I guess I forgot ReadByte(), singular. I don't see myself using it. If so desired, you should* be able to create it your self.
Back to actually testing if any of this works. I assume you've created a new project, and the MemoryManager class. And added all our new read functions.
Create a variable of the MemoryManager class. (Top of your form class? For demo purposes. I won't go into variable scoping) and use it!
Code:
Public Class Form1
Private _memManager as New MemoryManager 'New word is important! -I'm not explaining this.

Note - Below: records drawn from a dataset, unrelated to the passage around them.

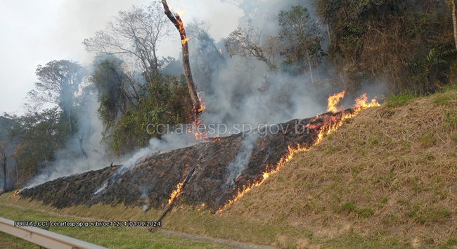 O domingo foi de trabalho para as equipes das concessionárias e Corpo de Bombeiros. No Rodoanel, no trecho do Km 34 em Embu das Artes as equipes tiveram que atuar três vezes, na madrugada e no período noturno. Foram vários focos desde sábado.
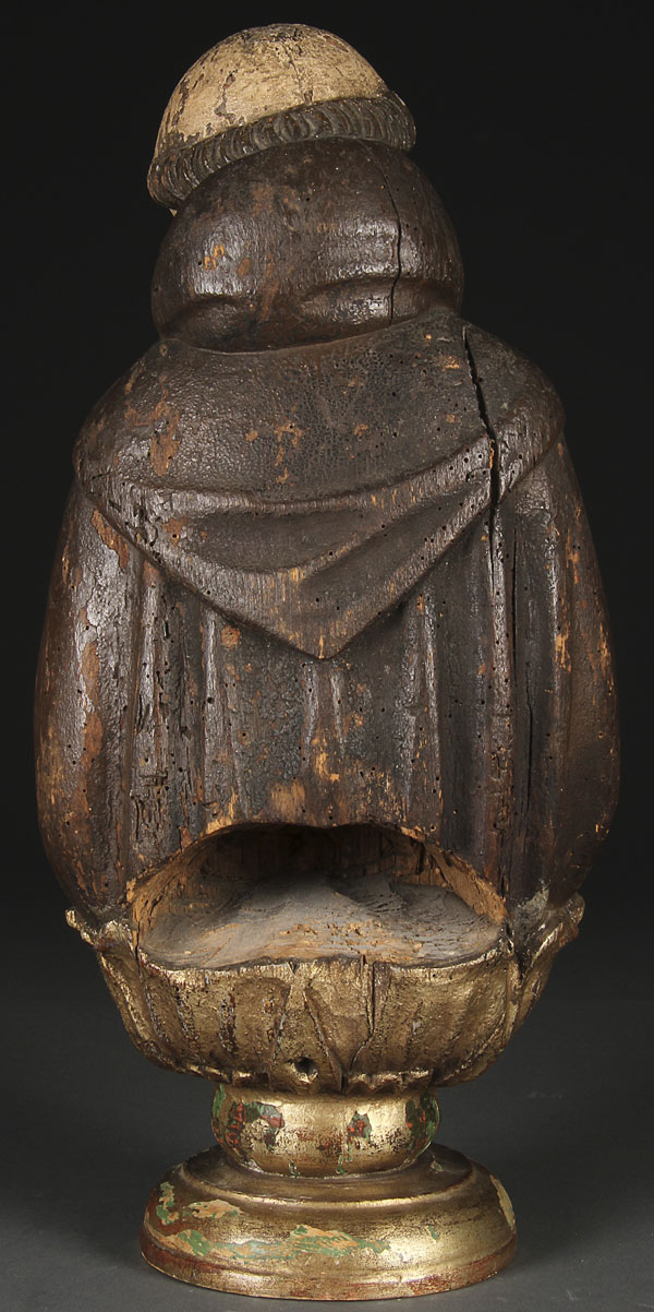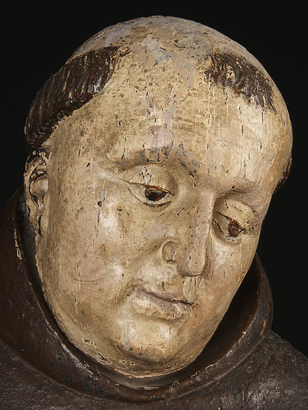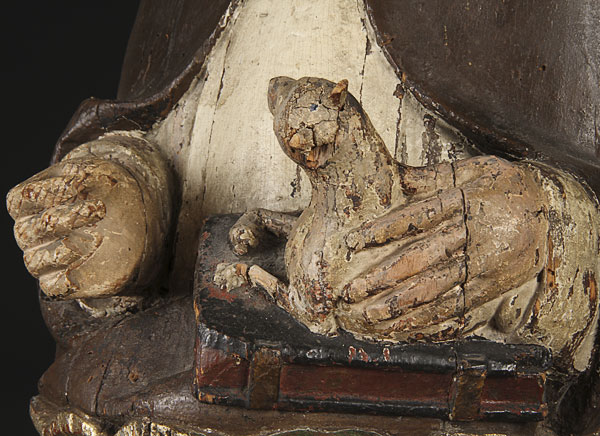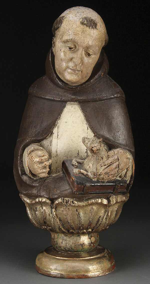 A CARVED AND POLYCHROME WOOD FIGURE OF ST. THOMAS AQUINAS, CONTINENTAL, END OF THE 17TH CENTURY. Shown holding a pen in his right hand (absent), Aquinas contemplates writing about the Eucharist, represented by the Eucharistic lamb. Height 19.75 inches (50 cm).
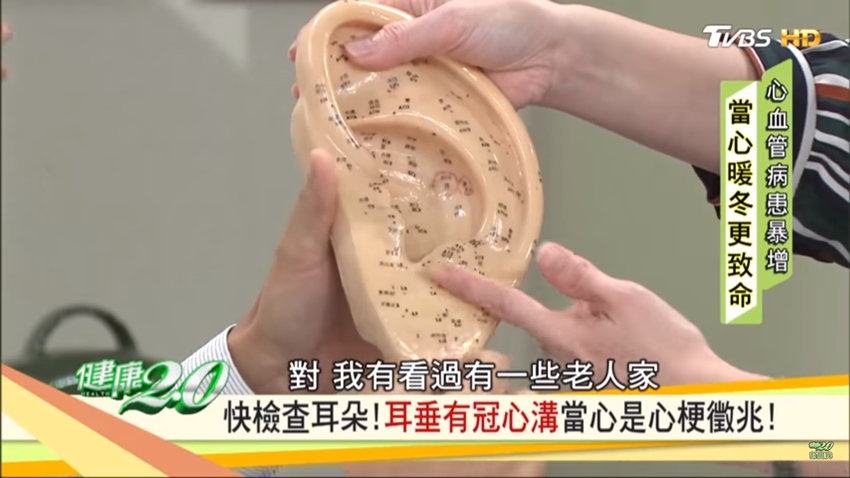 陳裕峰也提到,耳垂上出現一道摺痕,稱為「冠心溝」,也可視為心血管疾病的一個表徵,根據國外多個研究均發現,耳垂出現橫紋的人,有6成跟心血管疾病有關,橫紋的出現代表末稍血液循環不好,久而久之就出現了一道摺痕。
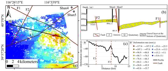 (a) Distribution of land subsidence in active fault areas. (b) Profile of the Shunyi fault. (derived from [57]). (c) Profiles of deformation rates on both sides of the faults (B-B’).

Private Sub Button1_Click(ByVal sender As System.Object, ByVal e As System.EventArgs) Handles Button1.Click
If _memManager.TryAttachToProcess("3D Pinball") Then
Dim _myScore as Int32 = _memManager.ReadInt32(&HAC4E4C)

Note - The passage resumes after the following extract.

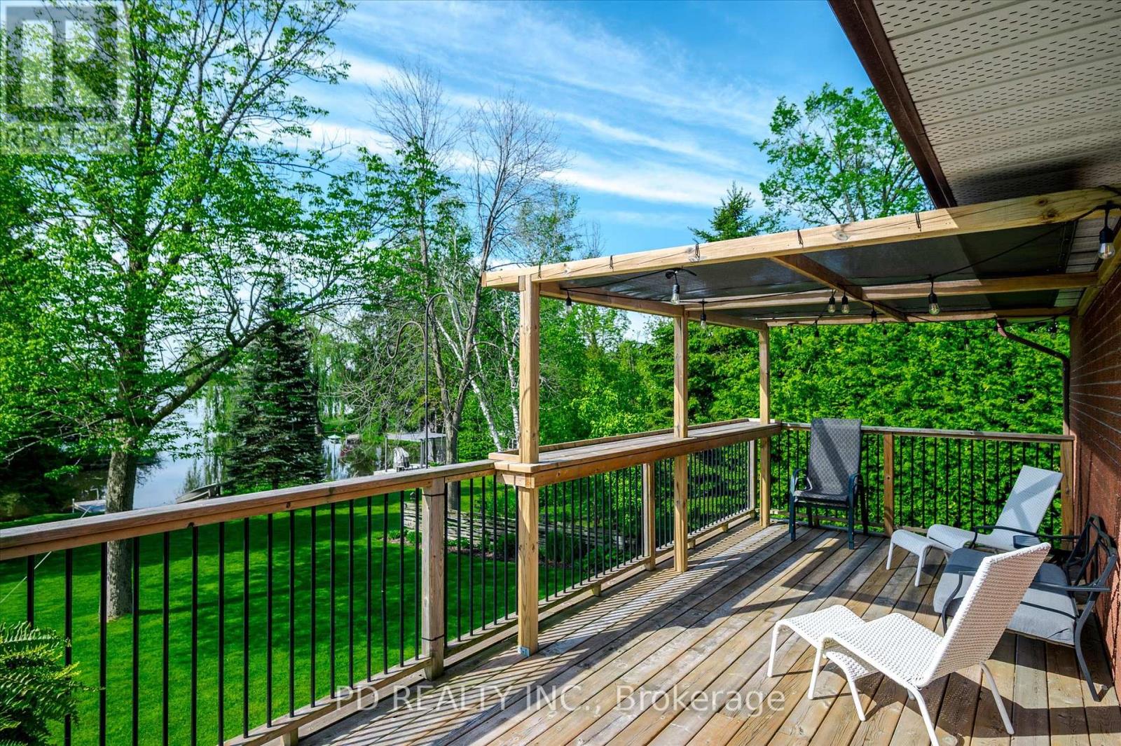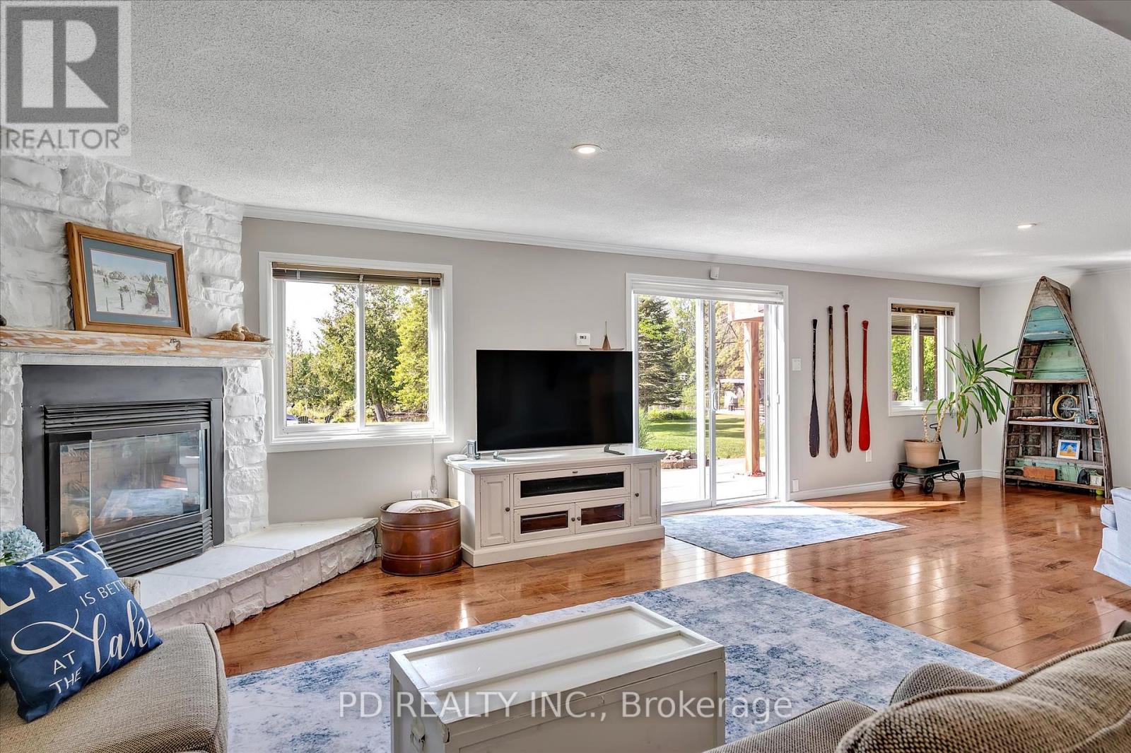 MLS# X12183767 – FOR SALE : 112 Clearview Drive Emily Kawartha Lakes – 4 Beds, 3 Baths Detached House ** Absolutely Nothing to Do But Move In! This immaculately maintained brick bungalow offers serene living on just under half an acre with 100 feet of frontage on the picturesque Pigeon River. Step inside to a spotless, updated kitchen with direct access from the attached two-car garage, perfect for unloading groceries with ease. The open-concept living and dining area features beautiful hardwood floors, a cozy natural gas fireplace, and two walkouts to a spacious deck where you can relax and enjoy views of the water and a small island providing added privacy and frequent wildlife sightings. The main floor boasts three bedrooms, all with hardwood flooring. One bedroom includes a private 2-piece ensuite bathroom, and there is also a well-appointed 3-piece main bathroom. The fully finished walk-out basement offers a large recreation room complete with a gas fireplace and walkout to a patio overlooking the lush lawn and waterfront. The basement also includes a fourth bedroom with a 4-piece ensuite bathroom and laundry area, ideal for guests or extended family. Step outside to enjoy the waterfront lifestyle with two private docks, perfect for boating, fishing, or simply soaking in the peaceful surroundings. This home combines tranquility, comfort, and turnkey convenience, a rare find that’s truly worth seeing in person! (id:51158) ** 112 Clearview Drive Emily Kawartha Lakes **

' Done using MemoryManager for reading. Close it.
_memManager.DetachFromProcess()
MessageBox.Show("Your current 3D Pinball score is: " & _myScore.ToString())
Else
MessageBox.Show("MemoryManager unable to attach to 3D Pinball for ram reading")
End If
End Sub
End Class
That's it. You can now go poking around, trying to read the memory of different programs. But please don't.